Simon Sun; Kaelan Lupton; Karen BatchHuy NguyenLior GazitNatalie GangaiJessica ChoKevin NicholasFarhana ZulkernineVaradan SevilimeduAmber SimpsonRichard K. G. Do

摘要

PURPOSE To assess the accuracy of a natural language processing (NLP) model in extracting splenomegaly described in patients with cancer in structured computed tomography radiology reports. METHODS In this retrospective study between July 2009 and April 2019, 3,87,359 consecutive structured radiology reports for computed tomography scans of the chest, abdomen, and pelvis from 91,665 patients spanning 30 types of cancer were included. A randomized sample of 2,022 reports from patients with colorectal cancer, hepatobiliary cancer (HB), leukemia, Hodgkin lymphoma (HL), and non-HL patients was manually annotated as positive or negative for splenomegaly.
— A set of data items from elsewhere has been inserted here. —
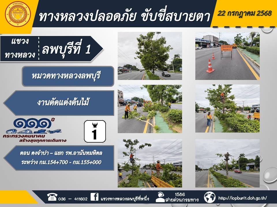 ทางหลวงปลอดภัยขับขี่สบายตา แขวงทางหลวงลพบุรีที่ 1 ประจำวันที่ 22 กรกฎาคม 2568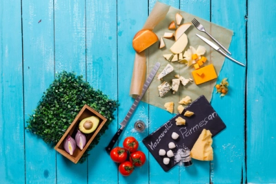 Различни видове сирене върху синя дървен...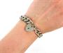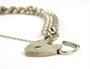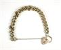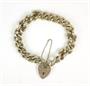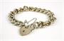 Stříbrný přátelský náramek ryzosti 925/1000 se zámkem ve tvaru srdce jako uzávěrem. U uzávěru pojistný řetízek. Celková hmotnost: 39,25 g. Průměr zavřeného náramku: 6,5 cm. Birmingham 1976. ---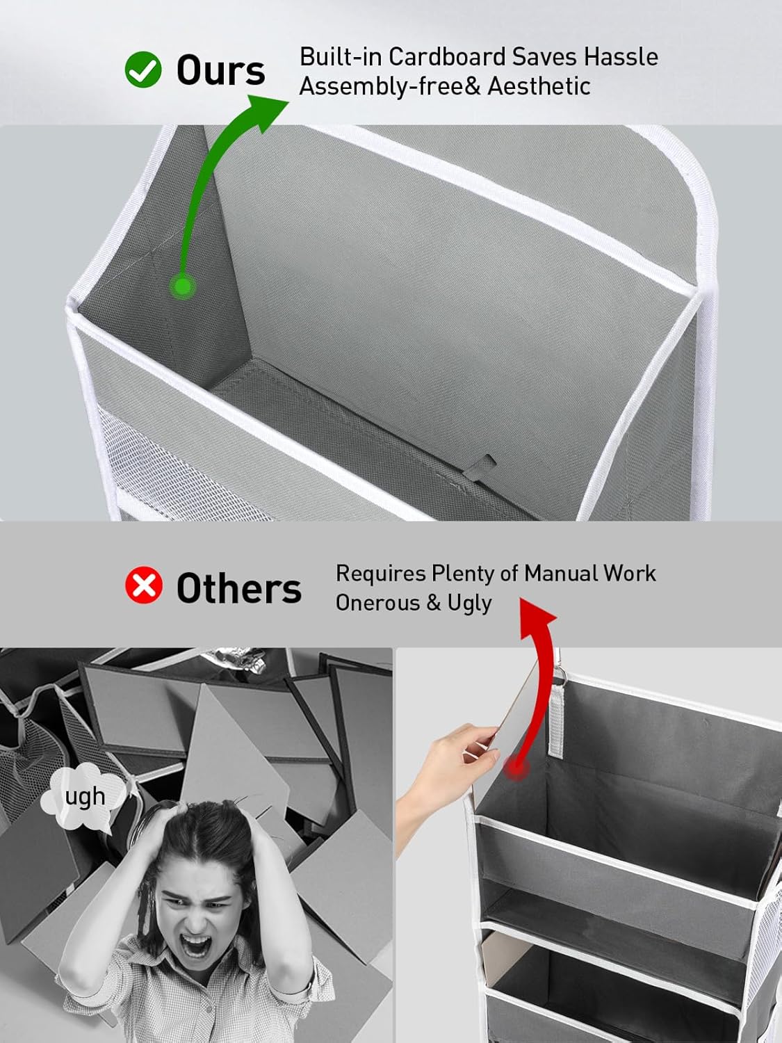- Tool-free Assembly Within Seconds: No need to insert cardboard in the pockets as required by other bathroom storage shelves! We have it pre-inserted in the pockets to cut your hassle. Simply hang, put the cardboard in the bin's bottom, and done! Definitely a good pickup for anyone on a budget wanting to update organization and storage for extra storage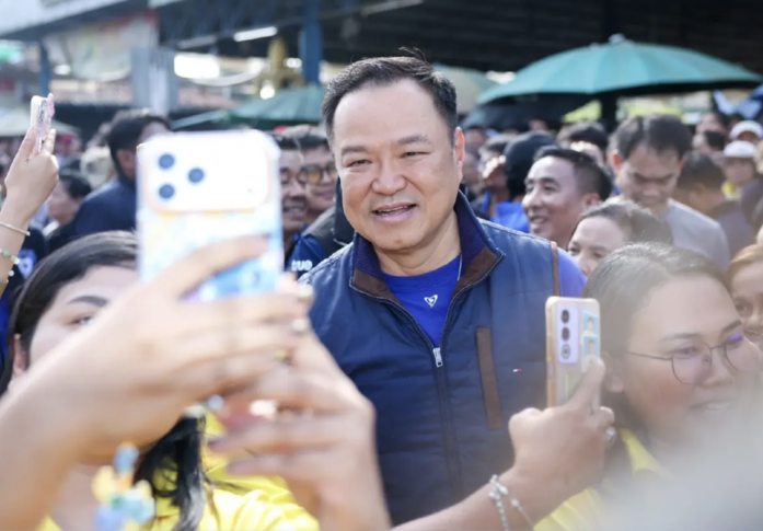 阿努廷當日上午 10:00 於春蓬府他塞縣市集受訪,回應外界關注未來組閣動向。他提到,對於前未來前進黨領袖塔納通(Thanathorn Juangroongruangkit)表示,若藍營政黨在選舉中獲得第 1 名,橘營政黨將轉任反對黨的說法,自己尚未親耳聽聞相關表態,因此不便評論,以免引發不必要的衝突。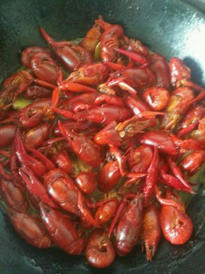 辣椒花椒香味出来后,倒入虾子翻炒,建议可加入一块猪油炒,味道更香腻,(一般全身红透即可为熟)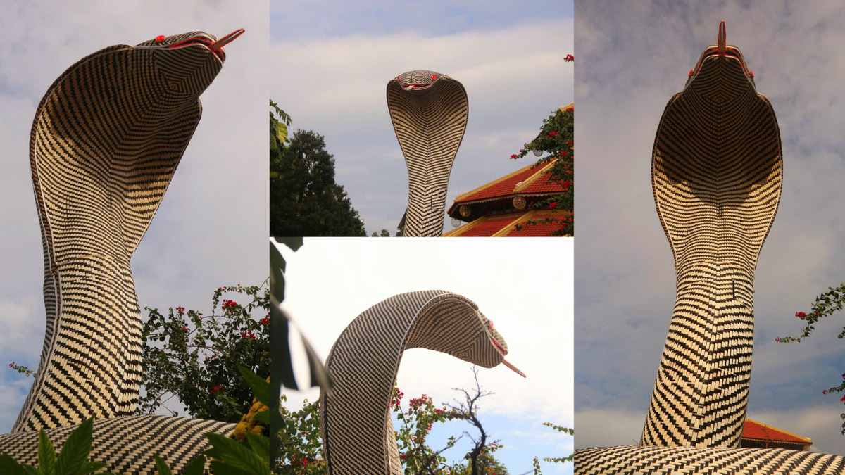 Chị Lê Nguyễn Ái Quỳnh - Quản lý làng nghề Trường Sơn cho hay, năm nay làng nghề Trường Sơn trưng bày linh vật rắn cao 4,5m tính luôn phần đế, có 3 vòng tròn và mỗi vòng rộng khoảng 3m. Bên trong được làm bằng khuôn nhôm và bên ngoài làm nguyên liệu sợi thủy tinh từ nhựa nguyên sinh.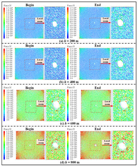Distribution of force chain around borehole at the beginning and end of simulation with different burial depths of (a) 200 m, (b) 400 m, (c) 600 m, and (d) 800 m.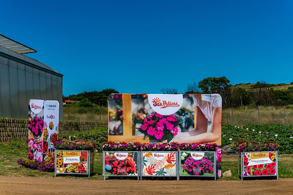 A vibrant display of SunPatiens, Beauticals, sunflowers and marigold cut flowers highlighted the beauty and breadth of Sakata genetics beyond the field.Â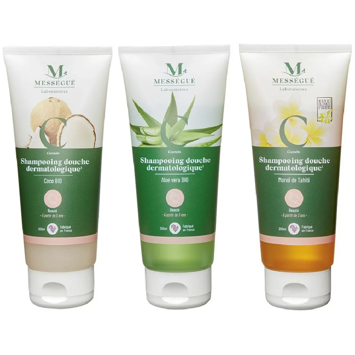 Coffret de 3 shampoings-douche Instant évasion de Mességué en flacon pompe de 200 ml.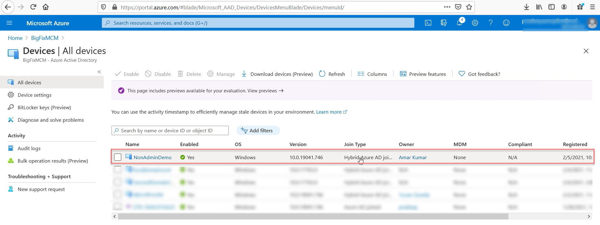 Hybrid Azure AD 参加デバイスは、オンプレミス AD と Azure AD の両方で表示されることを意味します。デバイスをドメイン・コントローラー (オンプレミス AD) に追加した後、オンプレミス AD を Azure AD に統合すると、デバイスは Hybrid Azure AD 参加デバイスになります。Azure AD 参加デバイスは、Azure AD が構成されると、自動的に BigFix MCM に登録されます。これにより、グループ・ポリシーを複数のデバイスに適用し、管理者以外のユーザー資格情報で BigFix MCM に登録できます。詳しくは、https://docs.microsoft.com/en-us/azure/active-directory/devices/concept-azure-ad-join-hybrid を参照してください。

NLP model training/testing was performed on 1,617/405 reports, and a new validation set of 400 reports from all cancer subtypes was used to test NLP model accuracy, precision, and recall. Overall survival was compared between the patient groups (with and without splenomegaly) using Kaplan-Meier curves. RESULTS The final cohort included 3,87,359 reports from 91,665 patients (mean age 60.8 years; 51.2% women). In the testing set, the model achieved accuracy of 92.1%, precision of 92.2%, and recall of 92.1% for splenomegaly. In the validation set, accuracy, precision, and recall were 93.8%, 92.9%, and 86.7%, respectively. In the entire cohort, splenomegaly was most frequent in patients with leukemia (32.5%), HB (17.4%), non-HL (9.1%), colorectal cancer (8.5%), and HL (5.6%). A splenomegaly label was associated with an increased risk of mortality in the entire cohort (hazard ratio 2.10; 95% Cl, 1.98 to 2.22; P < .001). CONCLUSION Automated splenomegaly labeling by NLP of radiology report demonstrates good accuracy, precision, and recall. Splenomegaly is most frequently reported in patients with leukemia, followed by patients with HB.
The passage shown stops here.